---------- EXERCISE DATA ----------
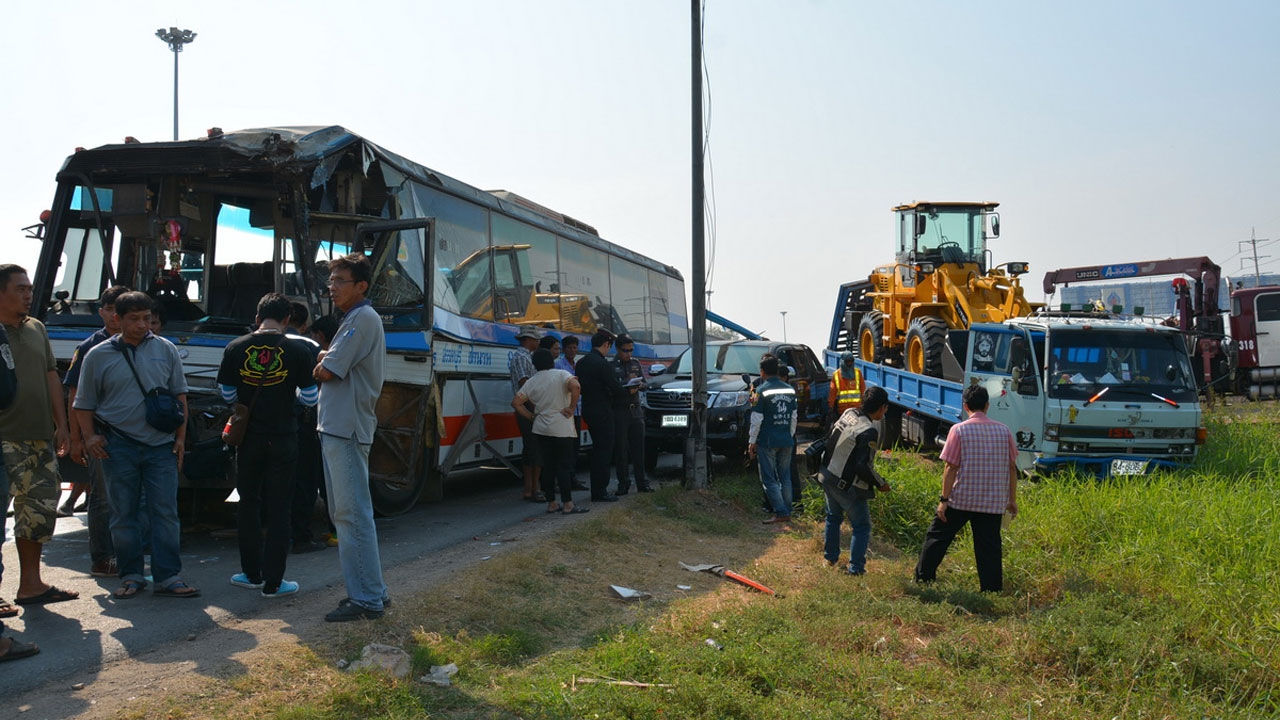 บัสปรับอากาศสายกรุงเทพฯ - ชัยนาท เบรกไม่ทำงาน พุ่งชนสิบล้อ และรถอีก 2 คัน ขณะติดด่านตรวจ เจ็บ 5 ราย ที่อยุธยา ...
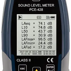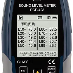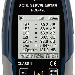 The peak hold function in the sound level data logger makes it possible to record the maximum sound pressure level during long-term measurements and freeze it in the display. A 24 bit AD converter and the specially developed electronics of the sound level meter help to reduce the inherent noise to a very low level. Sampling the measurement signal with more than 48 kHz enables high accuracy and improved stability of the measurement value on the sound level meter.
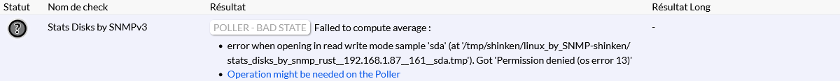 Le poller qui exécutera les checks nécessite un droit d'écriture et de lecture dans le répertoire décrit par LINUX-BY-SNMP__WORKING-FOLDER-BASE-PATH/LINUX-BY-SNMP__WORKING-FOLDER-TMP-DIRNAME, par défaut /tmp/shinken .
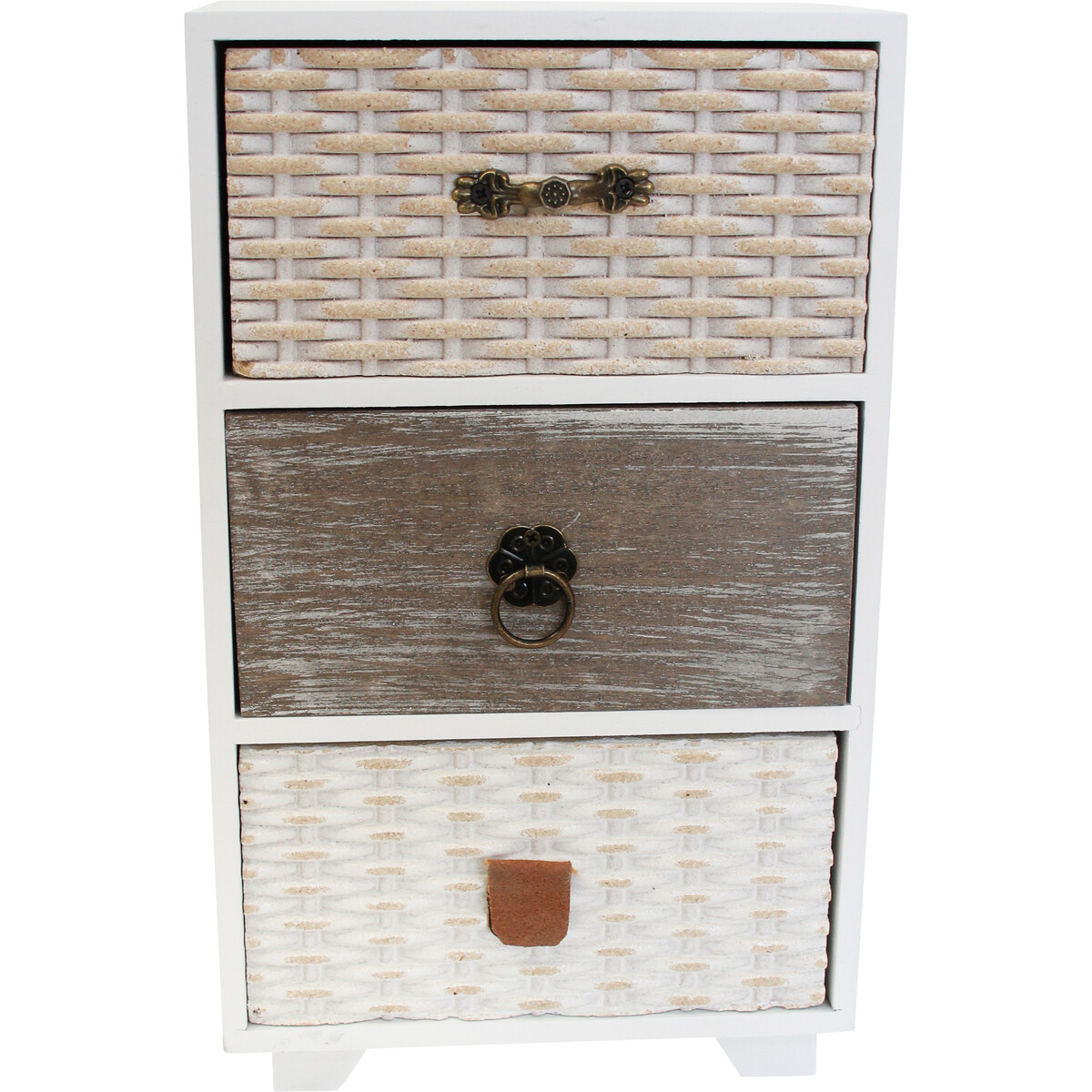 This is one of those pieces where the more time you spend looking at it, the more you notice - all those little details give it that warm, unique personality. It has a classic white frame but with three drawers that each have their own design - two in a woven look, and one with a kind of brushed wood grain finish, with three different types of handles. It is extremely versatile and its subtle, classic look will sit well in any space and with pretty much any interior style - contemporary, traditional or even rustic or country style rooms.
----------
-- TASK INSTRUCTIONS --
Retype the full listing above precisely. Exclude each picture you find in it.

-- PROBLEM SOLUTION --
 บัสปรับอากาศสายกรุงเทพฯ - ชัยนาท เบรกไม่ทำงาน พุ่งชนสิบล้อ และรถอีก 2 คัน ขณะติดด่านตรวจ เจ็บ 5 ราย ที่อยุธยา ...
 The peak hold function in the sound level data logger makes it possible to record the maximum sound pressure level during long-term measurements and freeze it in the display. A 24 bit AD converter and the specially developed electronics of the sound level meter help to reduce the inherent noise to a very low level. Sampling the measurement signal with more than 48 kHz enables high accuracy and improved stability of the measurement value on the sound level meter.
 Le poller qui exécutera les checks nécessite un droit d'écriture et de lecture dans le répertoire décrit par LINUX-BY-SNMP__WORKING-FOLDER-BASE-PATH/LINUX-BY-SNMP__WORKING-FOLDER-TMP-DIRNAME, par défaut /tmp/shinken .
 This is one of those pieces where the more time you spend looking at it, the more you notice - all those little details give it that warm, unique personality. It has a classic white frame but with three drawers that each have their own design - two in a woven look, and one with a kind of brushed wood grain finish, with three different types of handles. It is extremely versatile and its subtle, classic look will sit well in any space and with pretty much any interior style - contemporary, traditional or even rustic or country style rooms.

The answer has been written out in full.